Some of us have posted what we take in our signatures. If you are looking to manage your situation, do your research from our signatures. There is no cure for any AI disease that I know of. There are medications and supplements that can be taken to help you manage your symptoms. Research them your self then ask your Dr. if they will harm you.
Omega-3+, D3, Lipoic Acid, Carnitine, and inositol seem to be common to support your body. Add B12 for nerves. MTX and Plaq will suppress your immune system if you can take them. Others may or may not be useful in your situation.
I finally got diagnosed at a teaching/research hospital here in Iowa after doing the "specialist run-around" for 6 years.
I really recommend one if you have one in your area. I get the main dr and 1 or two other "learners'. They ask each other questions and discuss things and I feel actually work at trying to diagnose or resolve something.
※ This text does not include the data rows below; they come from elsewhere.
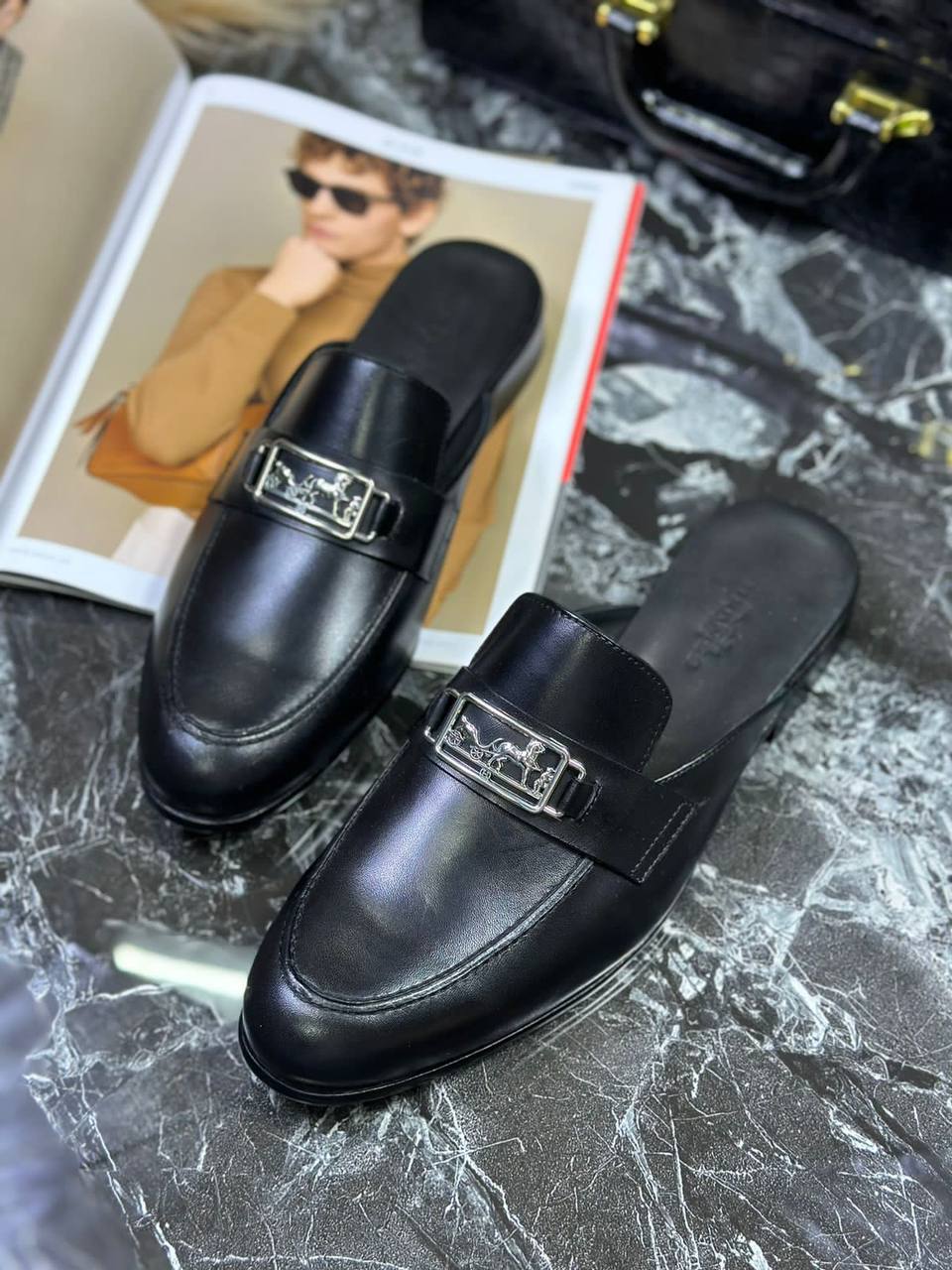 Мюли Hermes LUX-92065 – это стильная и удобная обувь, сочетающая в себе классический дизайн и современный комфорт. Чёрные мюли с серебристой пряжкой идеально подойдут для создания элегантного образа. Идеально подойдут для повседневной носки, а также для особых случаев.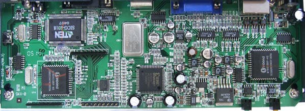Внутренне устройство хорошо видно на фото, построено на ASIC Aten 8018, двух контроллерах Winbond и одном от Xilinx, видны коммутаторы и конденсаторы для буферизации интерфейсов.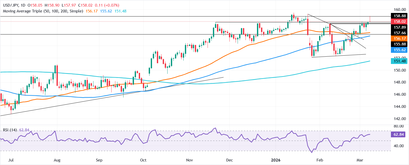 USD/JPY trades around 158.10 on Monday at the time of writing, up 0.10% on the day, as markets react to heightened geopolitical tensions in the Middle East and sharp moves in the energy market.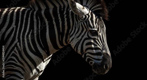 Naklejka premium 黒背景際立つシマウマ 力強い黒白コントラスト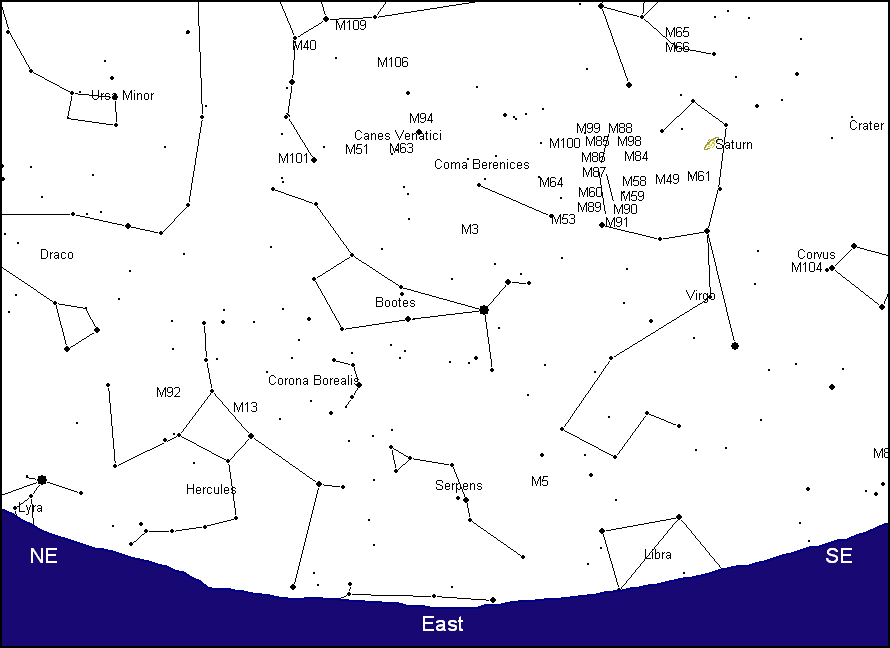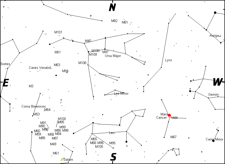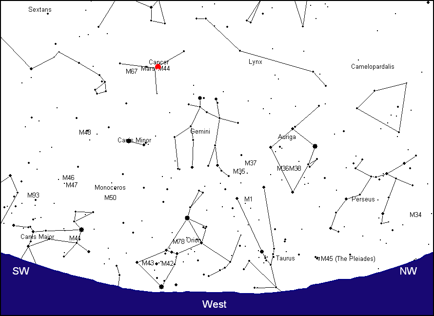Venus and Mercury were seen in a pristine sky during evening twilight on April 14. Tomorrow Mercury will sit nest to a very thin crescent moon. The forecast is for cloudy sky conditions at that time. This image was taken with a Canon 40D camera and a 70-200mm, F/2.8 Canon zoom lens attached to an equatorially driven mount. The exposure lasted for 30 seconds, F/4.5, ASA 400 at an EFL of 144mm. A light pollution filter was used to dampen unwanted light near the horizon. An image with the drive motor turned off was "snapped" immediately after the original photo to keep the landscape sharp. Afterwards, the two pictures were merged using Paint Shop Pro. Image by Gary A. Becker from Coopersburg, PA... |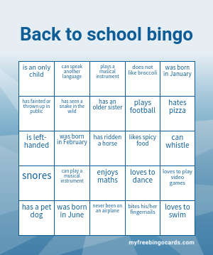 To build your bingo sheet for this ice breaker game you will need 24 unique questions.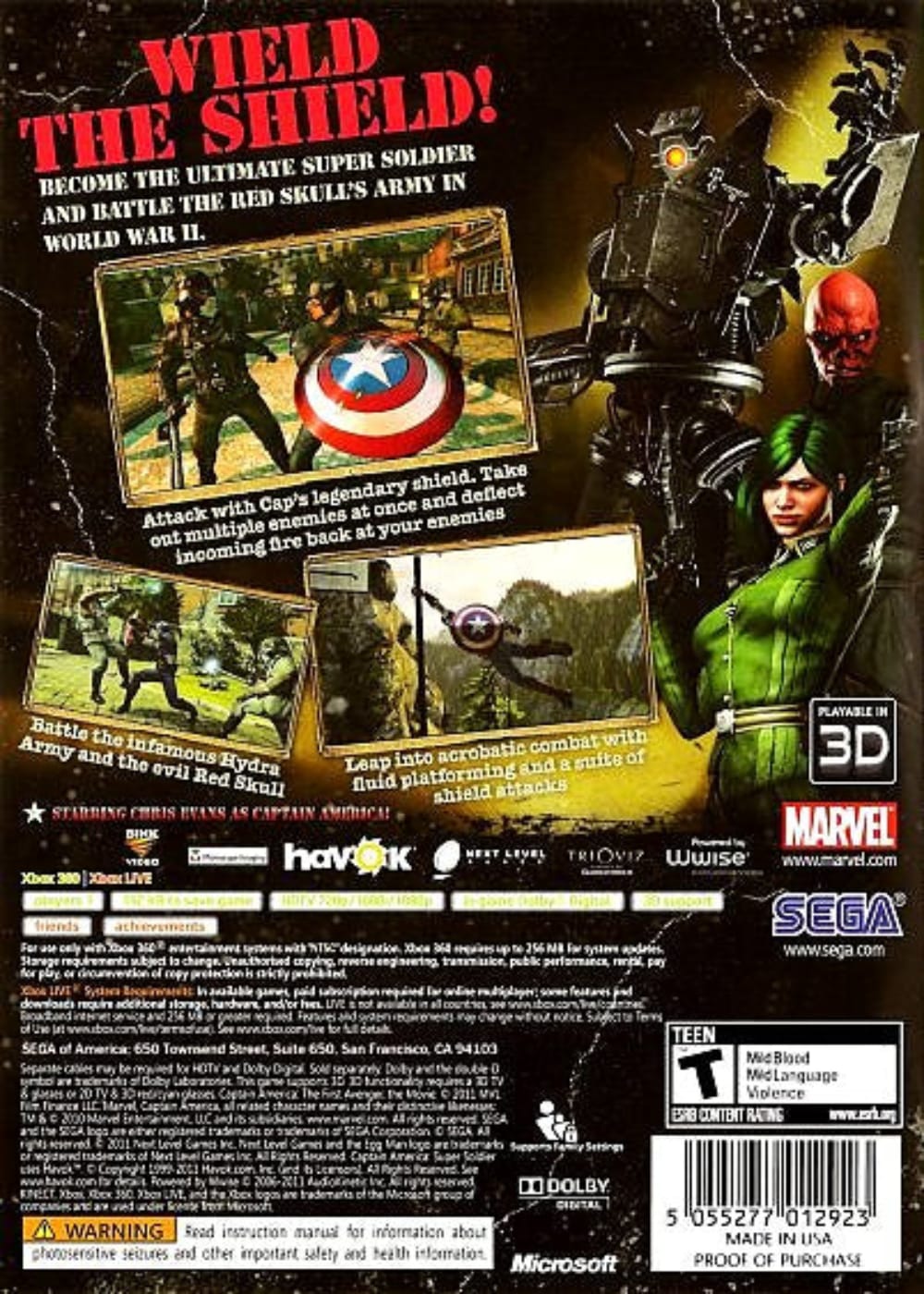 DescriptionCaptain America: Super Soldier is an action-packed game that puts you in the boots of the world's first Super-Soldier. Master an athletic combat system combined with fluid platforming as you navigate a massive castle turned military installation. Wield Captain America's iconic shield in multiple ways—strike multiple enemies at once, deflect incoming fire, solve environmental puzzles, and scale towering walls. Every room presents new acrobatic challenges and dangers that demand the full force of your Super-Soldier abilities to overcome. |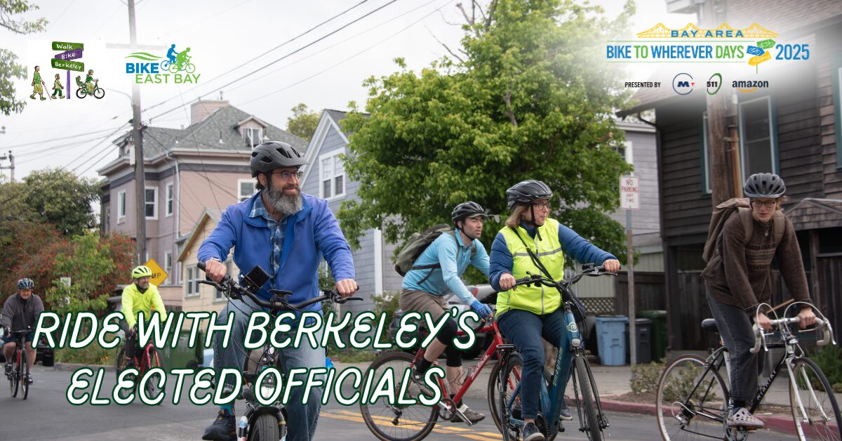 Location: West Oakland Bike Summit Ride with Bike East Bay, Walk Bike Berkeley, and Berkeley elected officials for Bike to Wherever Day on May 15, 2025! We will meet up starting 8am at the Ashby BART west side entrance, and ride out at 8:30am, arriving around 9am at Berkeley City Hall. Confirmed attendees include: Mayor Adena Ishii Councilmember Brent Blackaby […]
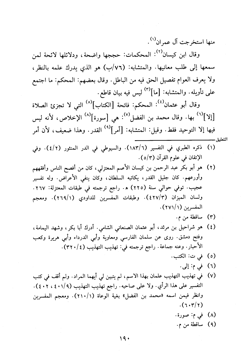وقال أبو عثمان: المحكم: فاتحة [الكتاب] التي لا تجزئ الصلاة [إلا] بها. وقال محمد بن الفضل: هي [سورة] الإخلاص، لأنه ليس فيها إلا التوحيد فقط. وقيل: المتشابه: [أمر] القدر. وهذا ضعيف، لأن أمر

I've never felt they gave up on me or think my first stop should have the the psychologist. ;)
I was diagnosed by an immunologist. My ANA, SS-A and SS-B were soooooo high there was no doubt it was Sjogrens. I really makes me wonder about the other "specialists" I saw.
You are not joined at the hip to a doctor. If he/she isn't helping, doesn't listen, doesn't like or answer questions or you feel you are not getting and help, SWITCH.
I have underactive thyroid too. But when 1st diagnosed, that got under control in 6 months. I get a TSH blood test every year for it to check. If your levels are not right, the dr should be working with you - trying different dosages and doing blood tests to get it level. You should not have to suffer the ups and downs of that too.
thanks everyone. I am being very stubborn with the docs and right now its a matter of what my insurance will allow. I for now take mostly just supplements I get from a naturopath doc i had back in AZ I take a multi vit, D3, B12, magnesium/taurine mix, flexeril, levothyroxine and a natural thyrosine complex (my thyroid gets crazy my body reacts when its still in the docs "norm") I feel good knowing that i am already doing some of the right things to manage my symptoms. I was on so many different meds and got off of all of them when docs said they were the cause. I did everything they said i needed to and only 1 doc did things to help. I seriously thought i was crazy until I started reading all the stuff here and realized I am NOT alone. I felt a peace today that I havent had since i started my fight. I am scared to death that its going to take me getting REALLY bad before i can get help with this. I live in KY and we have UK about 45 min away which is a GREAT teaching hospital plus i found a place a couple hours away that specializes with Sjogren's I am definatly on top in the research and I will take the advice here and keep going on head strong and make them work for me. I am so tired of feeling like crap all the time.
Thanks again everyone.
I got one other question for everyone. Every smyptom fits with this except my heart. I get weird heart beats or pounding and I have been tested and I have what they say is a begnin arythmia. Does anyone else have heart issues related to SJS? I know it can be from the thyroid but i was just curious.
A number of people have heart related problems on the forum. Maybe cremer(?) or JcBritguy(?) will talk about their issues.